November 8, 2012 at 5:21 pm

Reply

Brice D. L. Acree says:

Tom,

Yes, some of the data showed Romney’s vote instead of Obama’s. I went through and fixed those prior to computing the RMSE. My earlier numbers had included some probs with data, as well as some old data. I’ll post the data I used.

November 8, 2012 at 6:55 pm

Reply

Chris says:

Any reason that your RMSE analysis did not include Princeton’s Sam Wang? Could you add that to the chart?

November 8, 2012 at 6:50 pm

Reply

Brice D. L. Acree says:

Chris,

I checked Prof. Wang’s forecasts, but couldn’t find the state-by-state predictions. I think Kevin Collins got his directly. I can e-mail Prof. Wang to get his numbers.

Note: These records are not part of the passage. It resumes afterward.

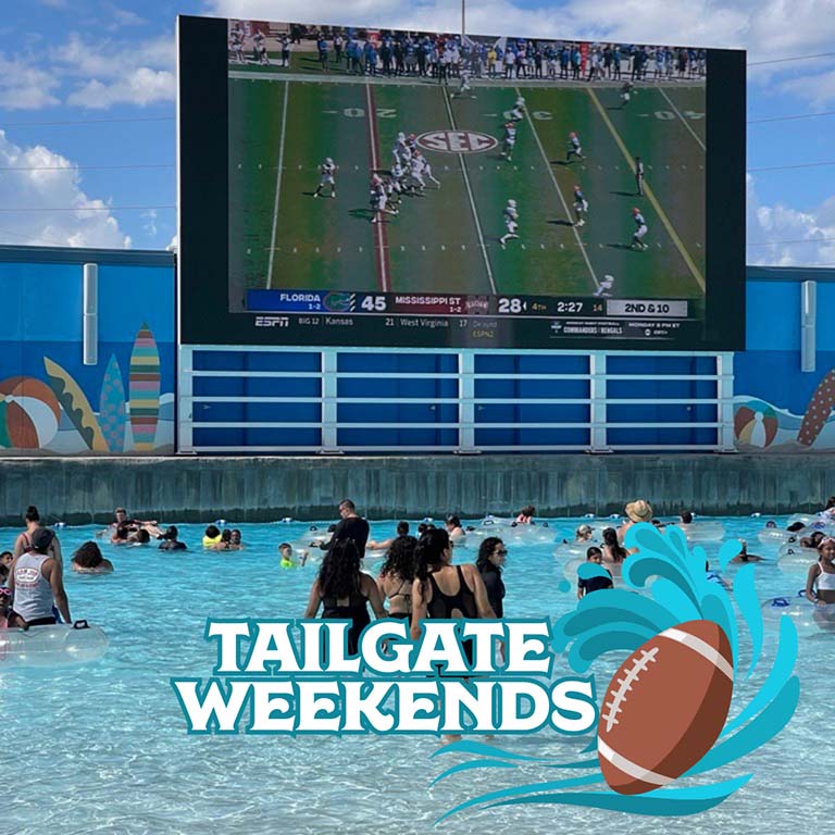 Weekends in September and October, bring your friends and experience the best place to catch the game in town at Island H2O Water Park.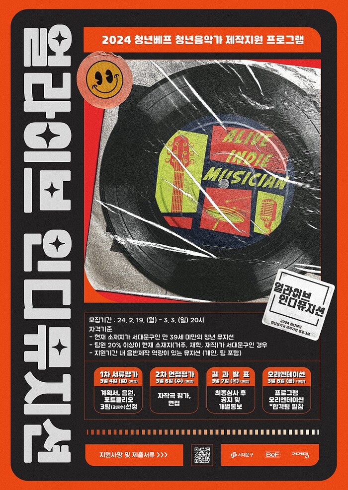 또한 3∼5월 진행될 ‘얼라이브 인디뮤지션’ 지원 기간 내에 음반을 제작할 수 있는 역량이 있어야 한다.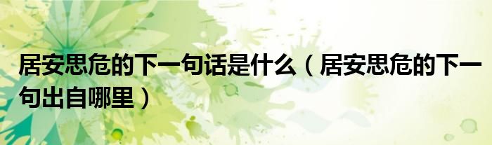 大家好,小安來為大家解答以上問題。居安思危的下一句話是什么,居安思危的下一句出自哪里很多人還不知道,現(xiàn)在讓我們一起來看看吧!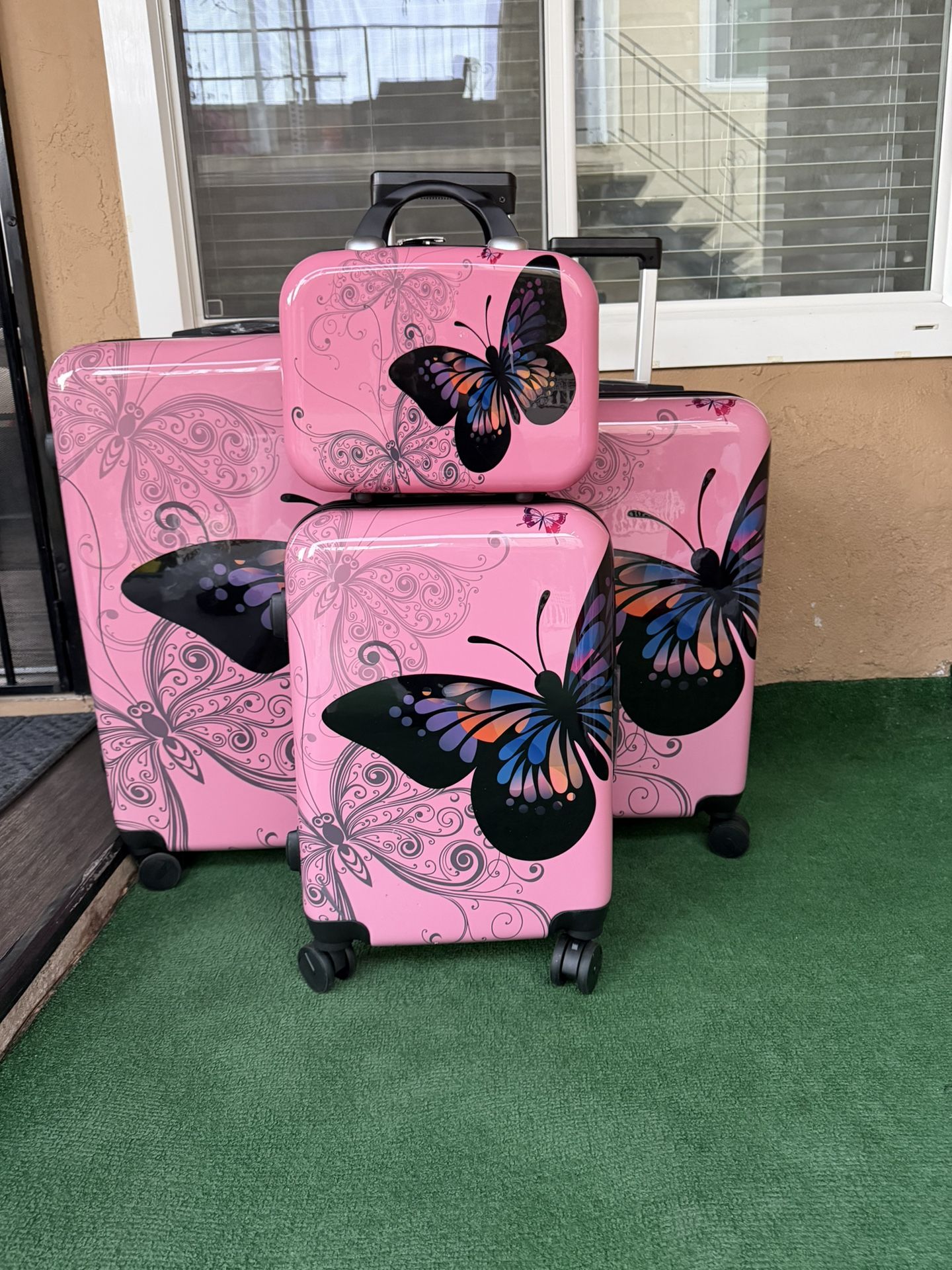Brand New Luggage Luggage 4 pcs 14"/20"/24"/28" inch LUGGAGE SET CLASSIC PINK BUTTERFLIES SUITCASE ABS+PC CARRY ON TRAVEL TROLLEY BAG Christmas Gifts Price is Firm $120 Cash Only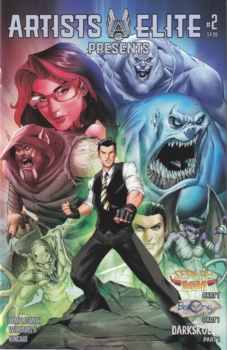 Artists Elite Presents #2 features the premiere of 3 new stories! Ben Templesmith's (30 Days of Night) Darkskulls where five weary and jaded immortals tied to the life-force of the planet might bother to come together to save it one last time. Freddie Williams II's (Batman/TMNT) Belong tells how a lonely, quiet, creative kid finds the family he's always wanted by eagerly paying everything for it. Ryan Kincaid's (Cover Artist) Seraph and the Seven questions if sending one of the original angels will be enough to save humanity from the Seven Deadly Sins!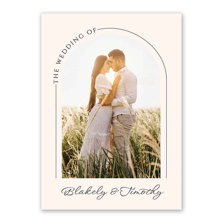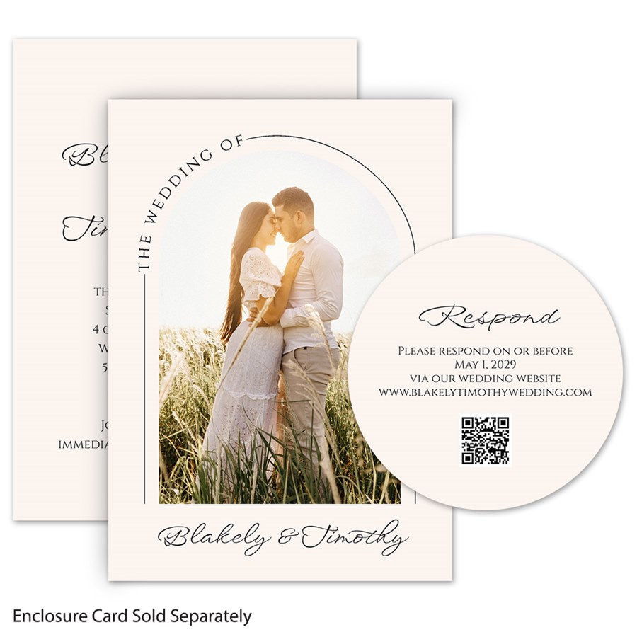 The Surrounded by Love Wedding Invitation features your favorite photo framed by a graceful arch border, creating a modern yet timeless design. The top of the arch features the words, "The Wedding of" in a modern font. Customize the colors, fonts, and layout to complement your wedding palette and personal style. Coordinating RSVP cards make it easy to build a matching invitation suite.

November 8, 2012 at 6:56 pm

Reply

gwern says:

I actually pinged Wang on Twitter last night as part of collecting a larger dataset of predictions, but he hasn’t gotten back to me AFAIK, so don’t necessarily expect a reply soon.

(I was collecting all the overall presidential stats, per-state margins, per-state victory %, Senate margins, and Senate victory %, for Silver, Linzer, DeSart, Intrade, Margin of Error, Wang, Putnam, Jackman, and Unskewed Polls, not that I got all of them but the Brier scores and RMSE are still interesting to look at.)

November 8, 2012 at 8:53 pm

Reply

gwern says:

My results so far if anyone is interesting in those Brier/RMSEs:

(It was for this blog post: http://appliedrationality.org/2012/11/09/was-nate-silver-the-most-accurate-2012-election-pundit/ )

November 9, 2012 at 12:41 am

Reply

Brian says:

Wang’s state by state forecasts are found in the right-hand column of his site under “The Power of Your Vote”. He doesn’t list every state but he does show every swing state.

November 8, 2012 at 10:34 pm

Reply
Luke Muehlhauser says:

Additional Brier score and RMSE score comparisons here:
http://appliedrationality.org/2012/11/09/was-nate-silver-the-most-accurate-2012-election-pundit/

November 9, 2012 at 12:50 am

Reply
Some Body says:

Isn’t it a bit too early, though? We don’t yet have the final results, and won’t have for a couple of weeks (Ohio counting provisional ballots on the 19th and all).

November 9, 2012 at 7:12 am

Reply

Brice D. L. Acree says:

Brody,

It’s never too early! But more to your point… yeah, we will update with final results. My über-sophisticated forecast: these RMSEs won’t change much.

November 9, 2012 at 10:13 am

Reply

Brash Equilibrium says:

I describe some possible methods for calculating model averaging weights from Brier scores and RMSEs at my blog. Check it out. Maybe Margin of Error will see if a weight average model does -even better- than a simple average?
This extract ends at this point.